Peter Neale

Personal information
- Date of birth: 9 April 1934
- Place of birth: Bolsover, Derbyshire, England
- Date of death: 4 June 2022 (aged 88)
- Position: Centre half

Youth career
- Chesterfield

Senior career*
- Years: Team / Apps / (Gls)
- 1955–1959: Oldham Athletic / 117 / (28)
- 1959–1966: Scunthorpe United / 226 / (7)
- 1966–1968: Chesterfield / 69 / (4)
- 1968–1969: Scarborough
- Total:  / 412 / (39)

= Peter Neale =

English footballer (1934–2022)

Peter Neale (9 April 1934 – 4 June 2022) was an English footballer who played as a centre half in the Football League.

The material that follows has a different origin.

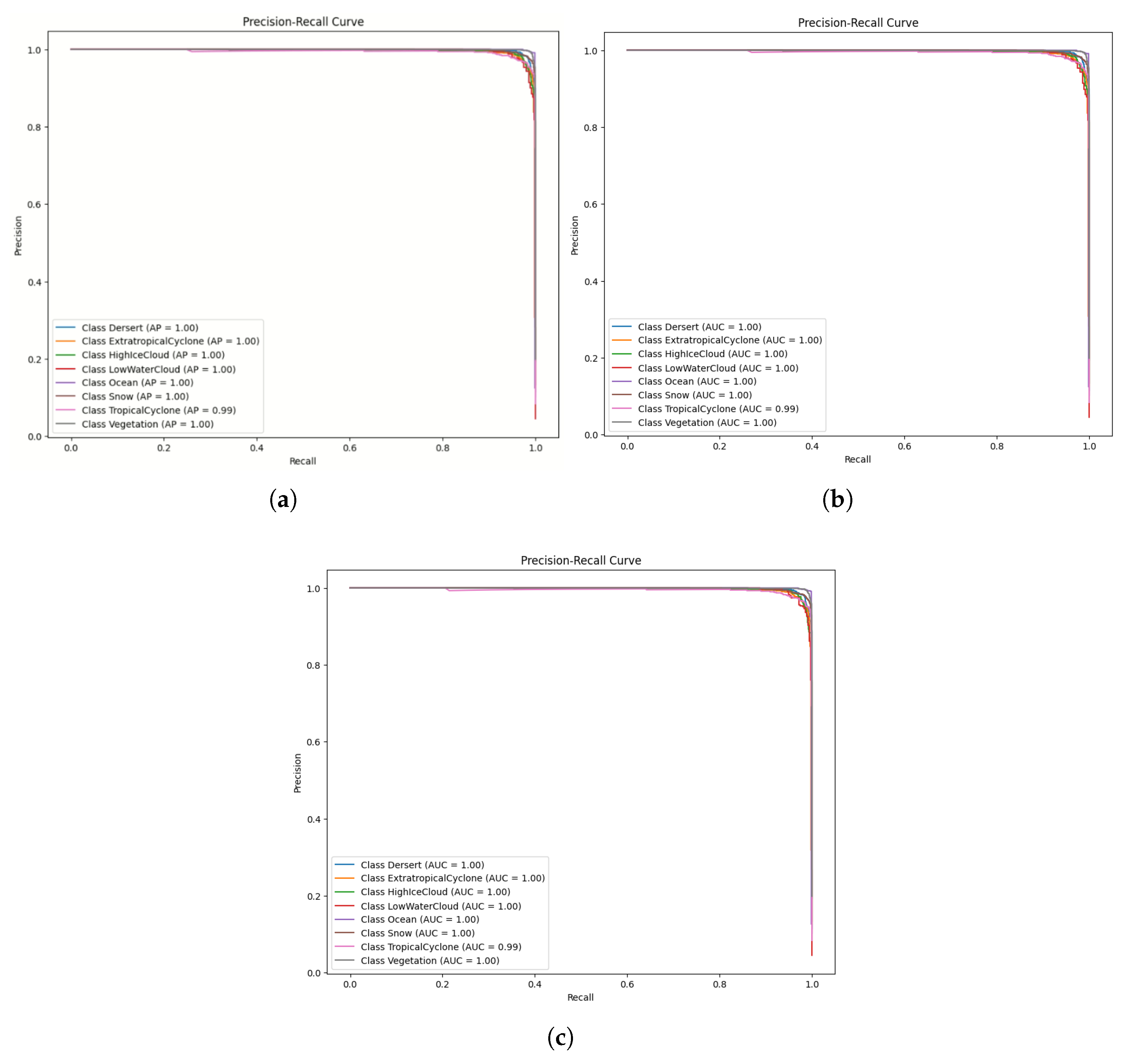 Figure 12 presents the trade-off between precision and recall with an AUC greater than 0.99 among all classes.

Neale was born on 9 April 1934 in Bolsover, Derbyshire, and played for Duckmanton Miners Welfare, Markham Sports and Mansfield Town as an amateur before joining Oldham Athletic in January 1953, turning professional in 1955 following National Service, and making 117 appearances and scoring 28 goals. Good performances for Oldham saw him move to Scunthorpe United for a transfer fee of £2,500 in October 1958, where he scored eight goals in 245 appearances in all competitions. In October 1966, after being transfer-listed, he moved to Chesterfield for a fee of £2,000. He was released by Chesterfield in 1968 and dropped into non-league football, later working as an insurance salesman, a bus driver and a driver for the NCB. Neale died in June 2022 aged 88.